Re: Boolean Integral

*To*: mathgroup at smc.vnet.net*Subject*: [mg62396] Re: Boolean Integral*From*: "antononcube" <antononcube at gmail.com>*Date*: Wed, 23 Nov 2005 01:12:11 -0500 (EST)*References*: <dlupfj$nb2$1@smc.vnet.net>*Sender*: owner-wri-mathgroup at wolfram.com

These settings seem to work: In[8]:= NIntegrate[chi[foo[x], y1, y2], {x, 0, 20}, MinRecursion -> 4, MaxRecursion -> 200, SingularityDepth -> 1000] NIntegrate::slwcon: Numerical integration converging too slowly; suspect one of the following: singularity, value of the integration being 0, oscillatory integrand, or insufficient WorkingPrecision.

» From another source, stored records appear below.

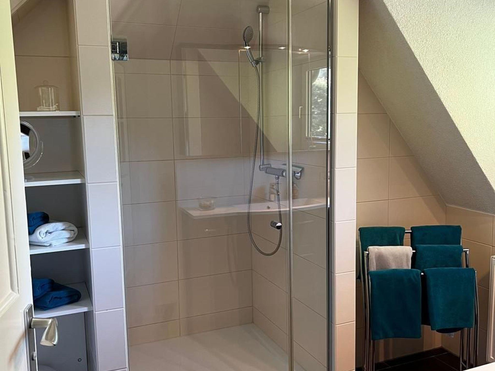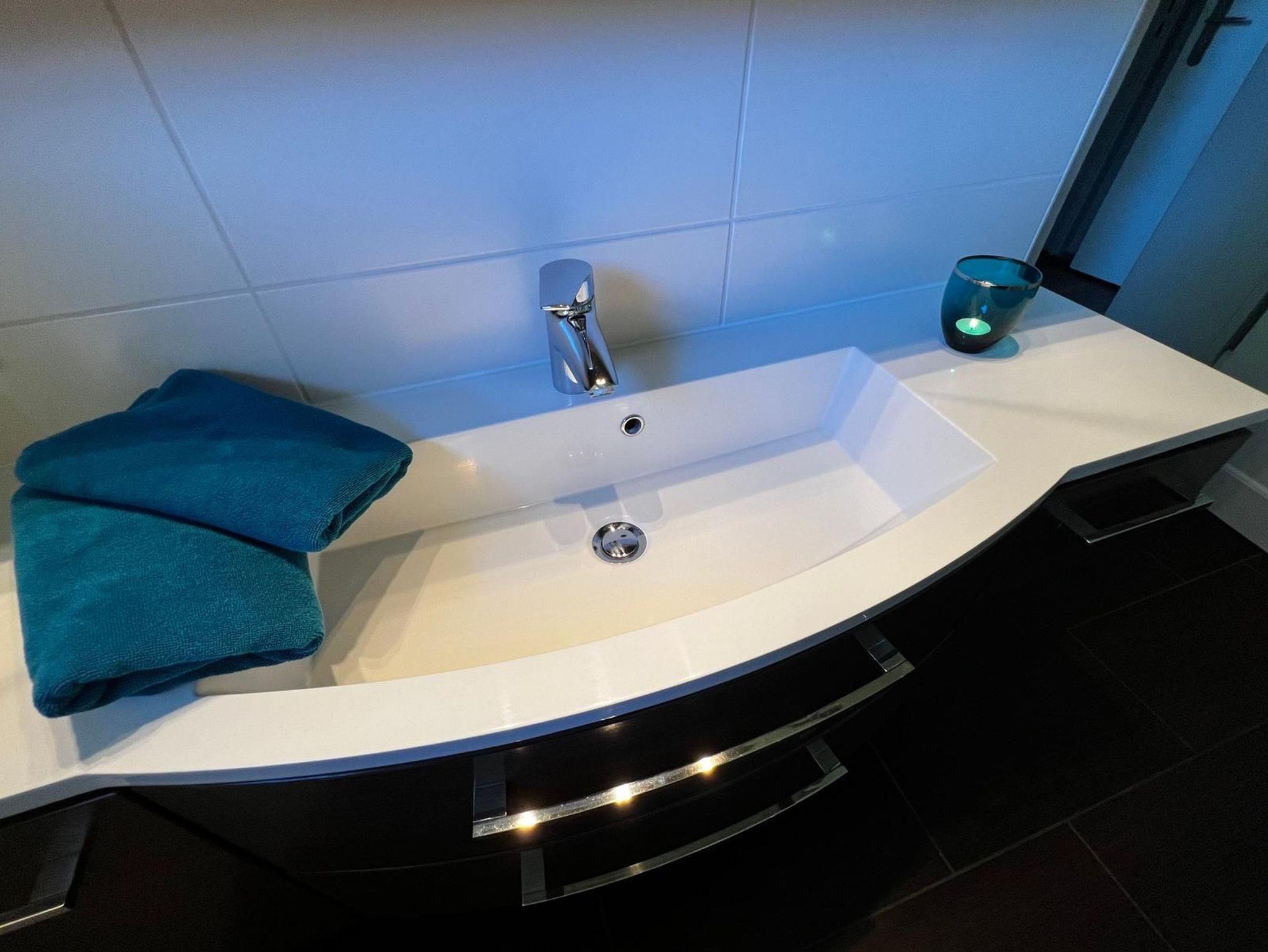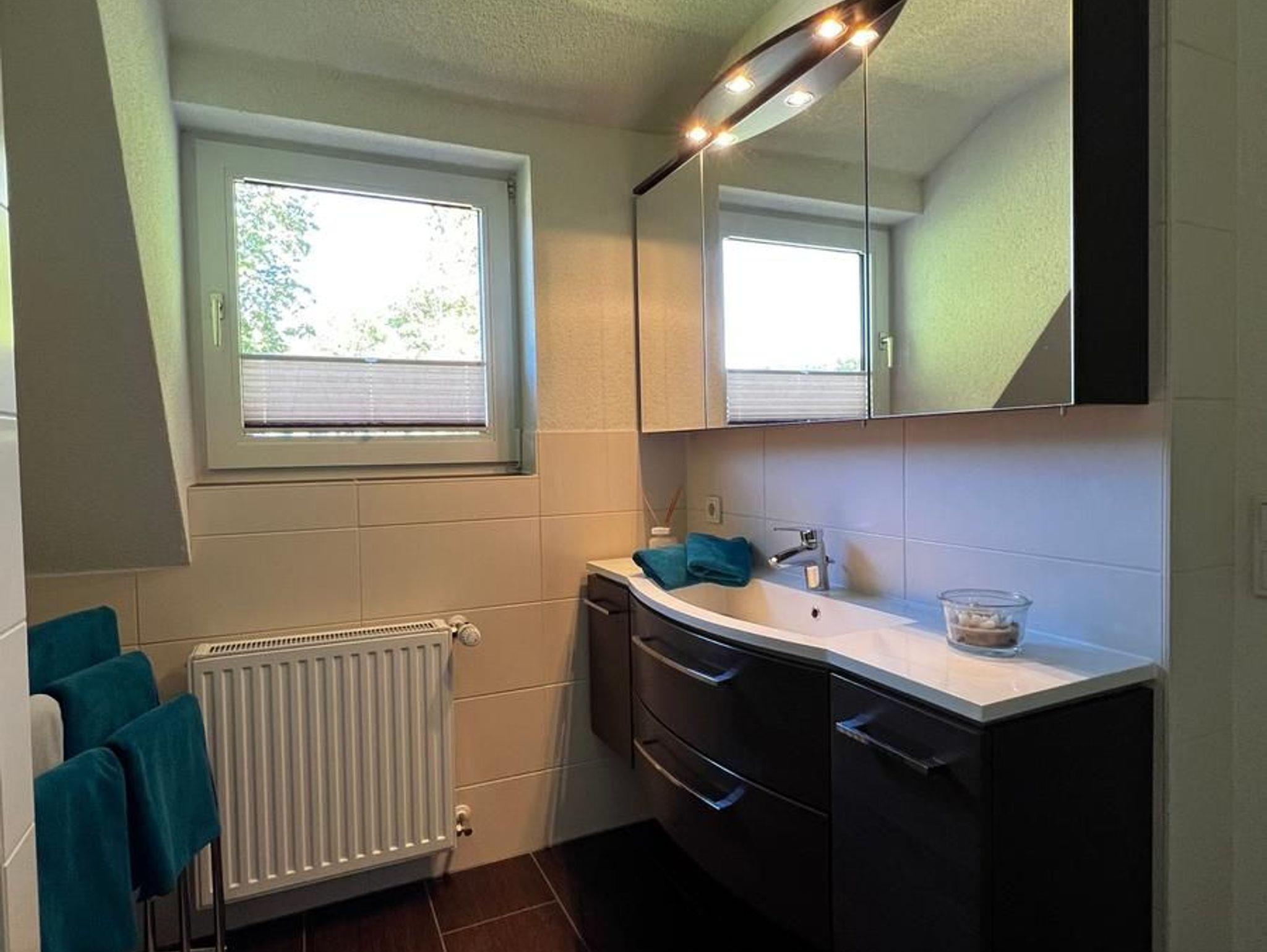Das schöne Bad mit großzügiger Waschtischeinheit mit Fön, großer Dusche, Kosmetiktüchern und Handtuchheizkörper und einem separatem WC rundet das Gesamtbild ab.
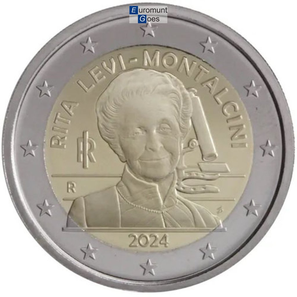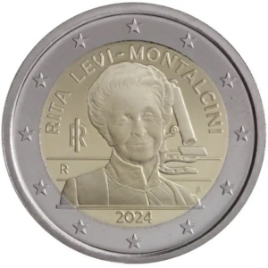Beschrijving van het ontwerp: het ontwerp toont op de voorgrond het portret van Rita Levi-Montalcini in half profiel, dat is geïnspireerd op de foto’s van Manuela Fabbri. Op de achtergrond staat een microscoop die gebaseerd is op een medaille die ontworpen werd door de broer van deze gerenommeerde wetenschapper, Gino Levi-Montalcini. De onderkant van de microscoop is hoefijzervormig en verwijst naar haar succes als Nobelprijswinnaar voor geneeskunde van 1986. Onderaan staat “RITA LEVI-MONTALCINI” in een boog, links “RI” het acroniem voor Italië en “R” voor het munthuis van Rome, eronder “2024”, het jaar van afgifte, en rechts “SP”, de initialen van de ontwerpster Silvia Petrassi. Langs de buitenrand van de munt zijn de twaalf sterren van de Europese vlag afgebeeld.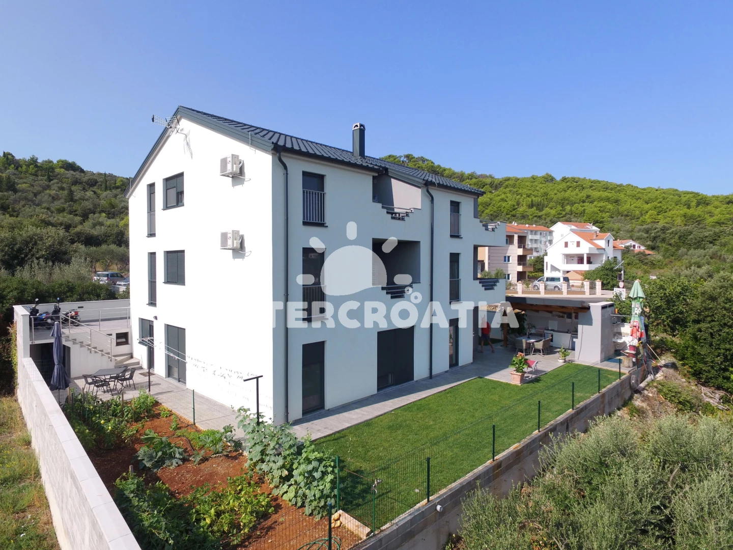 Vzdálenosti: Moře 130 m, pláž 200 m (písek), půjčovna kol 10 m, bar 200 m, restaurace 200 m, supermarket 500 m, centrum 700 m, pošta 700 m, čerpací stanice 1,5 km, trajekt (Preko) 1,5 km, banka 1,5 km, lékárna 5 km, veřejná doprava 5 km, směnárna 5 km, ambulance 5 km, letiště (Zadar) 13,8 km, park Plitvice 20 km,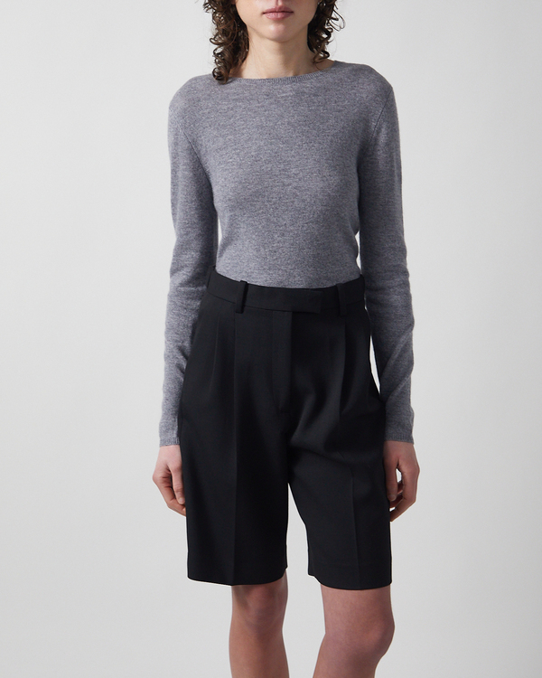 Shorts Bruna from Almada Label. Tailored shorts designed with a high-rise waist and a softly structured silhouette that falls elegantly just above the knee. Front pleats add refined volume, while belt loops and a clean waistband enhance the polished finish.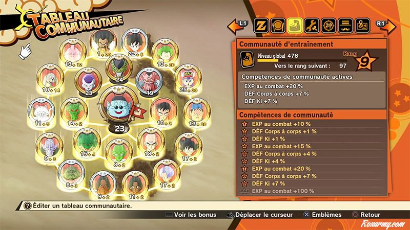 L’arbre de compétence à développer et le tableau communautaire consistant à combiner les âmes des différents personnages pour améliorer son rang visent à proposer à la jouabilité de Dragon Ball Z : Kakarot autre chose que le seul martelage des commandes d’attaques et d’esquives.

If your integrand is oscillatory try using the option Method->Oscillatory in NIntegrate. Out[8]= 1.33977 As you said, the reason for NIntegrate to stop with the default settings is because the sampling points of the first integration step are where the integrand is 0. Increasing the number of initial sampling points with the option MinRecursion allows NIntegrate to see that the integrand is non-zero, and on what areas the computational efforts should be concentrated. These plots with different values for the parameter minrec (eg, 0, 2, 4) might clarify my explanation further: In[43]:= minrec = 4; In[44]:=pnts = Reap[NIntegrate[chi[foo[x], y1, y2], {x, 0, 20}, MinRecursion -> minrec, MaxRecursion -> 200, SingularityDepth -> 1000, EvaluationMonitor :> Sow[x]]][[2,1]]; In[45]:= Length[pnts] Out[45]= 4972 In[46]:=ListPlot[Transpose[{pnts, Range[Length[pnts]]}]] Further, if the zeroes of your function foo are known (e.g. foo[x_]:=Sin[x]) the piecewise handling of NIntegrate will simplify the integrand to the non-zero parts of it only (and the integration will be much faster). Again you can see this with the plots above, and using Length[pnts]. In[58]:=pnts = Reap[NIntegrate[chi[Sin[x], y1, y2], {x, 0, 20},EvaluationMonitor :> Sow[x]]][[2,1]]; In[59]:=Length[pnts] Out[59]=77 In[60]:=ListPlot[Transpose[{pnts,Range[Length[pnts]]}]] Anton Antonov, Wolfram Research, Inc.